- **What is needed**:
In the material below, the lines between the one holding "14K Yellow 3.5x3.5" and the one holding "- Breathability and", inclusive, are to be set down word for word. Pictures stay out.

** Opening Study material block **

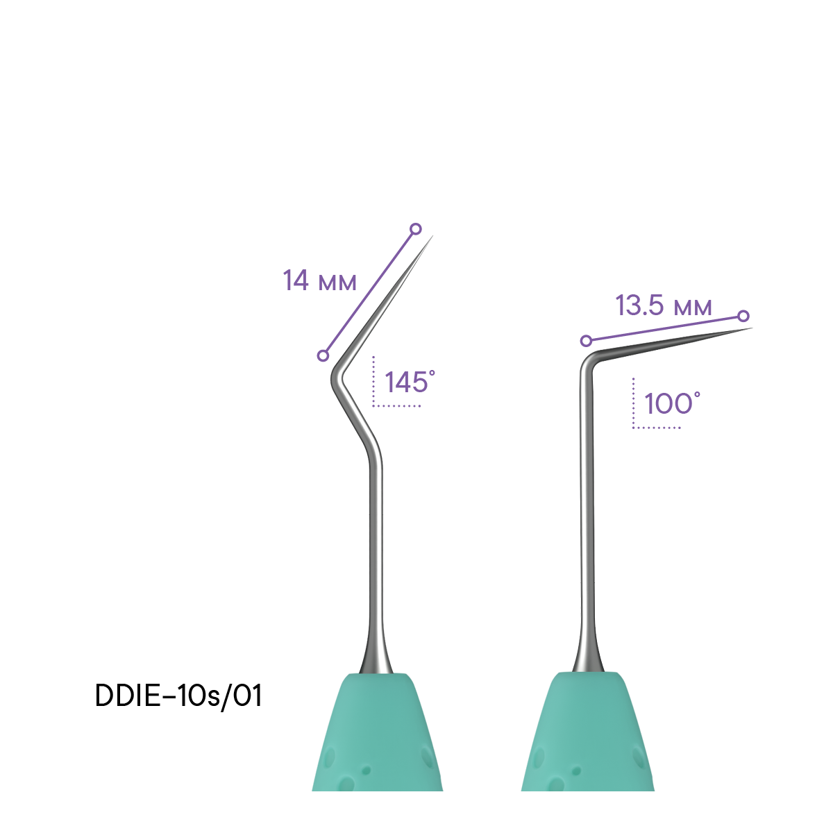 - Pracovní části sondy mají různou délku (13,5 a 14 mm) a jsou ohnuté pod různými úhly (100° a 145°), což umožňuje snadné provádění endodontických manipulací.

** Closing Study material block **
** Opening Study material block **

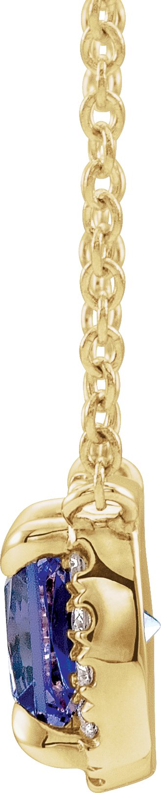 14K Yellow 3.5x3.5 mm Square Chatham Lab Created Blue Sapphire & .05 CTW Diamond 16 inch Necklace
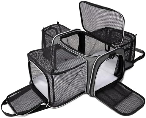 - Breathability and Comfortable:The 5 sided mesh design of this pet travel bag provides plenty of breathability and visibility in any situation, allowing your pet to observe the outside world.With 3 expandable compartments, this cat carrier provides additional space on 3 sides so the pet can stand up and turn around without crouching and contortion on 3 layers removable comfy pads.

** Closing Study material block **
** Opening Study material block **

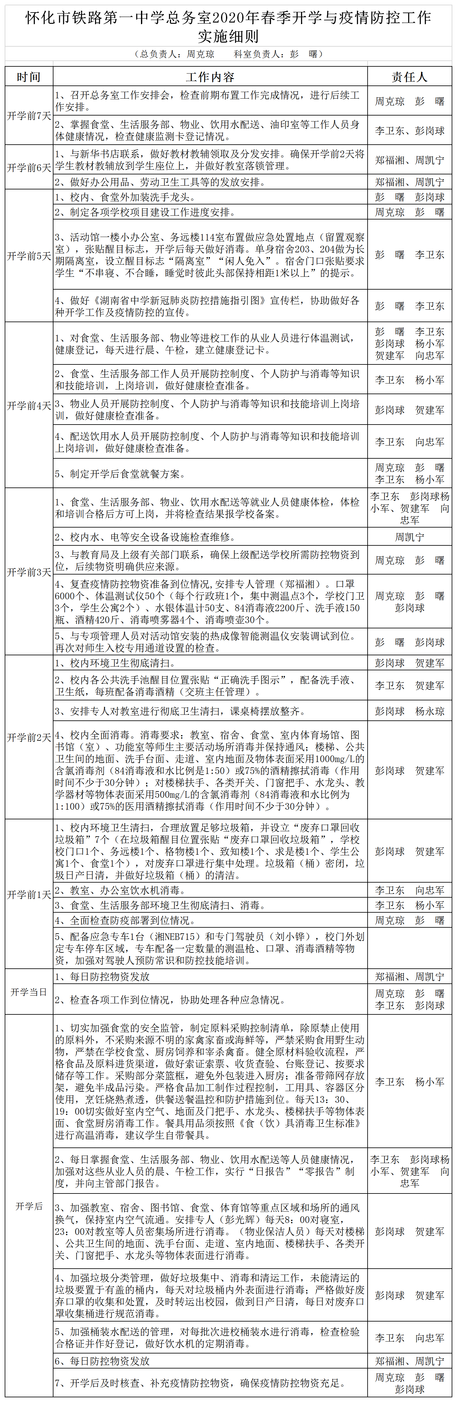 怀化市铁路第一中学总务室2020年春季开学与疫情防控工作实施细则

** Closing Study material block **

- **Task output**:
 14K Yellow 3.5x3.5 mm Square Chatham Lab Created Blue Sapphire & .05 CTW Diamond 16 inch Necklace
 - Breathability and Comfortable:The 5 sided mesh design of this pet travel bag provides plenty of breathability and visibility in any situation, allowing your pet to observe the outside world.With 3 expandable compartments, this cat carrier provides additional space on 3 sides so the pet can stand up and turn around without crouching and contortion on 3 layers removable comfy pads.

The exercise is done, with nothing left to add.